Building on these observations, we carried out a differential expression analysis to pinpoint sncRNAs with significant expression differences between the control and AgRP neuron-activated groups. Unexpectedly, this analysis revealed 195 sncRNAs that were upregulated and 45 sncRNAs that were downregulated in the sperm following AgRP neuron activation (Padj < 0.05 and log2[fold change (FC)] > |1|), constituting approximately 2% of the total sncRNA pool (Fig. 1c). Although these changes represent only a small fraction of the sncRNA payload (2%), this is expected given the acute nature of the treatment. Among the affected biotypes, 26% were piRNA, 6% were rsRNA, 6% were tsRNA, and 2% were miRNA (Supplemental Fig. 2e). Additionally, a high fraction (60%) of the differentially expressed sncRNAs were without annotation, so our analysis focused on the annotated sequences to provide clearer insights into the specific sncRNAs influenced by AgRP neuron activation (Supplemental Fig. 2e). Among the differentially expressed sncRNAs that we detected, all tsRNAs, miRNAs, and rsRNAs were downregulated. Only piRNAs showed both upregulation and downregulation, indicating a more complex regulatory pattern for this biotype compared to the others (Fig. 1d).

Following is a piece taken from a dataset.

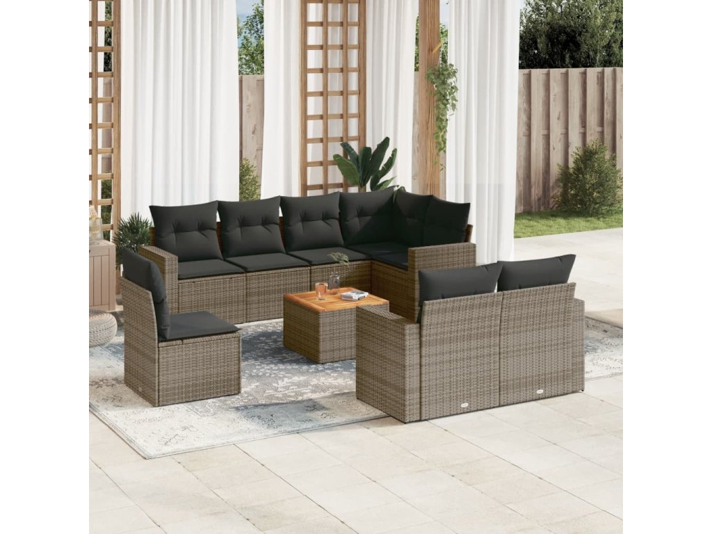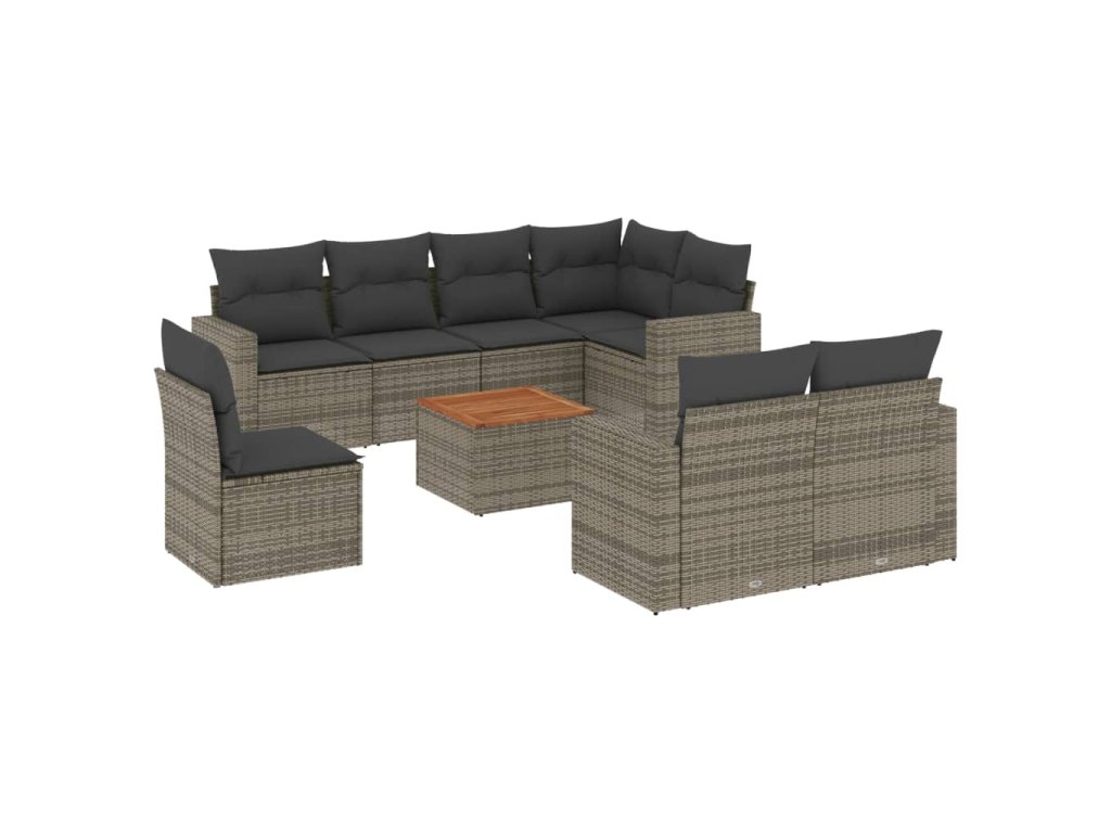 9dílná zahradní sedací souprava s poduškami šedá polyratan 3224219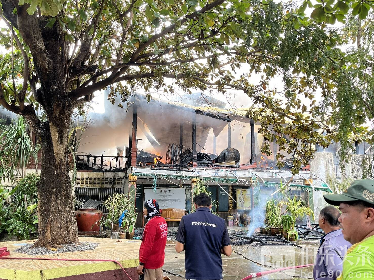 伯乐头条专讯:泰国呵叻府(Nakhon Ratchasima)一座拥有百年历史的古寺,17日中午突发严重火灾,整栋寺庙建筑在爆炸声中陷入火海,火势凶猛,僧侣与小沙弥惊慌逃生,现场一度混乱。目前暂无人员伤亡报告,但整座佛堂与多件珍贵古物被烧成灰烬,损失惨重。

To further contextualize our findings, we compared our data with three previous studies that analyzed the impact of short- and long-term obesogenic diets on sperm RNA payload composition4,5,9. Given the established role of AgRP neurons in regulating whole-body energy homeostasis, this comparison is particularly relevant. This intersection analysis revealed that the alterations in tsRNA-Ser-TGA-5’ and tsRNA-Glu-TTC-5’ are consistently observed across multiple studies (Fig. 1e). The recurrence of these specific tsRNAs across different experimental conditions underscores their potential role as key markers or mediators in the physiological responses to both AgRP neuron activation and dietary changes. This is particularly significant given the established role of tsRNAs in the epigenetic inheritance of metabolic traits, such as obesity4,5,10,12. Additionally, similar patterns of alterations for other tsRNAs, such as tsRNA-Asp-GTC and tsRNA-Glu-CTC-5’, reinforce the idea that specific tsRNAs are reliably affected by various physiological stimuli and dietary interventions, further linking neural activation and metabolic epigenetics (Fig. 1e). Importantly, the expression levels of tsRNAs Asp-GTC, Glu-CTC-5’, and Glu-TGA-5’ were significantly decreased in sperm following short-term high-fat diet (HFD)5, closely mirroring the downregulation observed after AgRP neuron activation (Fig. 1f-g). In contrast, long-term Western diet (WD)9 feeding resulted in a differential response: while tsRNAs Glu-CTC-5’ and Ser-TGA-5’ were decreased, tsRNA Asp-GTC was notably increased in sperm (Fig. 1h). We could not make this comparison with the long-term HFD study because the data from individual samples were not available4. These findings suggest that short-term dietary intervention and AgRP activation have a more similar impact on sperm tsRNA profiles, while long-term HFD produces distinct changes, indicating different underlying mechanisms at play. This unexpected regulation by AgRP neurons highlights a potential upstream regulatory link that influences the response of sperm tsRNAs to varying metabolic conditions.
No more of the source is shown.